O ESPÍRITO DA MONTANHA - Conto Clássico de Terror - Pu Songling
O ESPÍRITO DA MONTANHA
Pu Songling
(1640 – 1715)
Eis o que Sun Taibai me contou:
“Meu bisavô estudava num mosteiro budista da
Ravina dos Salgueiros, na região das montanhas Nanshan. Voltou ele à sua aldeia
para ali passar dez dias, durante a temporada de colheita de trigo, e depois
retornou ao templo. Ao abrir a porta de seu estúdio, encontrou-o coberto de pó
e a janela cheia de teias de aranha. Mandou um servo cuidar do recinto, mas,
até o cair da noite, o estúdio não estava suficientemente limpo.
“Preparou a cama, passou o ferrolho na porta e
deitou-se. A luz da Lua entrava pela janela. Naquele ambiente, reinava um
silêncio sepulcral. De repente, ouviu o barulho do vento e o rangido de uma das
portas externas do templo. Pensou que, provavelmente, um dos monges
esquecera-se de fechá-la a contento. Em questão de instantes, percebeu que o
som se aproximava cada vez mais, até que, subitamente, a porta exterior se
abriu. Aquilo lhe pareceu muito estranho. Então, escutou o ruído produzido por
passos de botas acercando-se paulatinamente de seu estúdio. Ficou aterrorizado.
De repente, a porta de seu quarto se abriu e, sem acreditar, viu um grande
espírito que se inclinava para ali penetrar. Quando o espectro entrou,
postou-se, de pé, justamente em frente à cama, quase roçando o teto com a
cabeça.
“Sua cara era como uma cabaça ressecada e seus
olhos, que emitiam um brilho ofuscante, percorreram todo o estúdio. Abriu a sua
grande boca, do tamanho de uma pia, deixando ver os dentes, que mediam cerca de
quatro polegadas, ao passo em que movia a língua e emitia um som gutural, que
fez retumbar as quatro paredes do recinto. Meu bisavô estava dominado pelo mais
absoluto terror, mas pensou que, sendo tão pequeno o ambiente, não havia como
escapar dali. Assim, a única coisa que podia fazer era enfrentar o fantasma.

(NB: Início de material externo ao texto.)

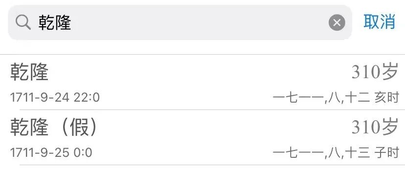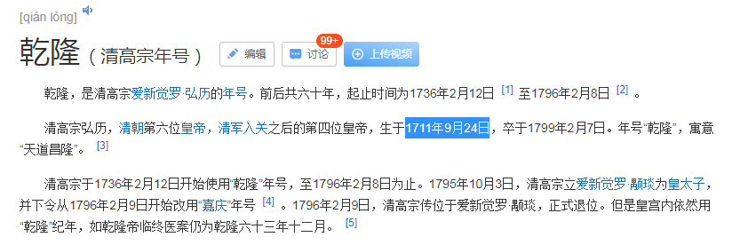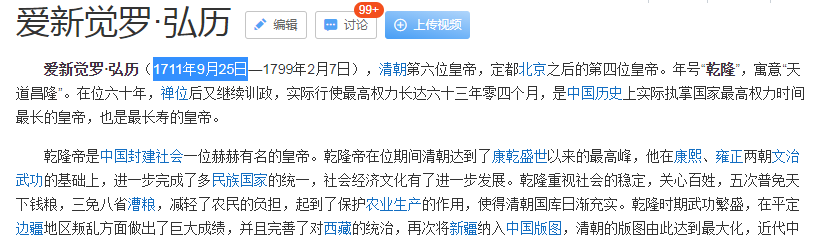 但按照“爱新觉罗·弘历”去搜,出来的却是1711年9月25日:

Puxou uma faca que escondia sob o travesseiro e, resoluto, a cravou no ventre
do espírito, produzindo um som semelhante ao triturar de pedras. O espectro
enfureceu-se tanto que estendeu suas afiadas garras para apanhar o meu bisavô,
mas este conseguiu lançar-se para trás. Então, o espírito agarrou a colcha da
cama, lançou-a no chão, e avançou, furioso. Meu bisavô também caiu com ela e
ficou no chão, gritando de pavor.
“Os servos chegaram, correndo, com tochas, mas não
havia como abrir a porta, de modo que entraram pela janela. Quando viram o meu
bisavô no chão, e o estado de devastação do quarto, ficaram totalmente
aterrorizados. Imediatamente, ajudaram-no a deitar-se na cama e este lhes
contou o que havia ocorrido. Então, os servos examinaram o lugar e vislumbraram
a extremidade da grande colcha, que se enganchara na fenda da porta, quando
esta fora fechada. Abrindo a porta para examinar a colcha sob a luz das tochas,
encontraram-na perfurada como uma peneira. Havia buracos em todos os lugares
onde o espírito havia fincado os seus dedos.
“Quando amanheceu, ninguém se atreveu a ficar mais
tempo ali. Então, fizeram as malas e rumaram de volta à aldeia.
“Posteriormente, indagado sobre o acontecimento, um
monge afirmou que nada de extraordinário voltara a ocorrer naquele mosteiro”.
Versão em português de Paulo Soriano.